Они разъезжали по пустынным улицам, заболевших брали на телеги и увозили в больницы, а умерших подбирали ганчами, длинными такими палками с крючьями на конце.
…Вот и его, если немцы всех ребят перебьют, ганчами вытащат из болота. Зацепятся хоть за что, хоть за ребро, но спасут. Работа у них такая, а у него работа – тоже не для слабаков. Когда его спрашивали, чем он занимается, он, чтобы отстали, говорил «проектирование, оптимизация, создание локальных систем». Нет смысла всем об этом говорить, они все равно не поверят.

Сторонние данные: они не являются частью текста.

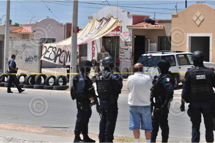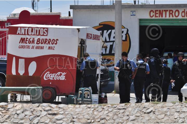 CIUDAD JUAREZ, CHIHUAHUA, 15MARZO2012.- Tres hombres fueron ejecutados por gatilleros la mañana de este jueves a la entrada de una desponchadora, en el fraccionamiento Parajes de Oriente. Las víctimas, dos empleados y un vecino, fueron atacados por el comando armado a las 10:30 horas, mientras platicaban en la banqueta de ese negocio ubicado sobre calle Custodios de la República. Dos individuos bajaron de un automóvil color negro y vaciaron armas de forma directa contra el grupo, para huir de inmediato, según habitantes del sector. FOTO: NACHO RUIZ/CUARTOSCURO.COM

Он радостно засмеялся и снова заговорил сам с собой.
Хоть за ребро пусть тащат, ему не будет больно. Он - лидер атаки, он не имеет права чувствовать боль. За ним – вся Россия. Он оживет в могиле, если нужно будет, увидев себя среди мертвых тел, не растеряется, потому что он - Татищев, почти последний русский аристократ. Дождется вечера, подползет к стене ямы, навалит кучу тел и по ним выберется наверх…
Юрий Геннадьевич почему-то не верит, хотя он устал ему объяснять, что тут невероятного, непостижимого? Работа как работа, тогда им в 1916 ом тоже было нелегко, выжили только единицы. Там, где выжить было вообще невозможно, вязли, как солдаты Македонского в Индии. Где так неожиданные были самые настоящие мангры, стоящие по щиколотку в гнилой воде, пропитывающиеся русской кровью…Искривленные, скрученные, как пальцы хронического паралитика, вставали ходулями враспор, чтобы как-то удержать эту расползающуюся под лошадиными обозами, сапогами тысяч солдат, колесами пулеметных лафетов, землю.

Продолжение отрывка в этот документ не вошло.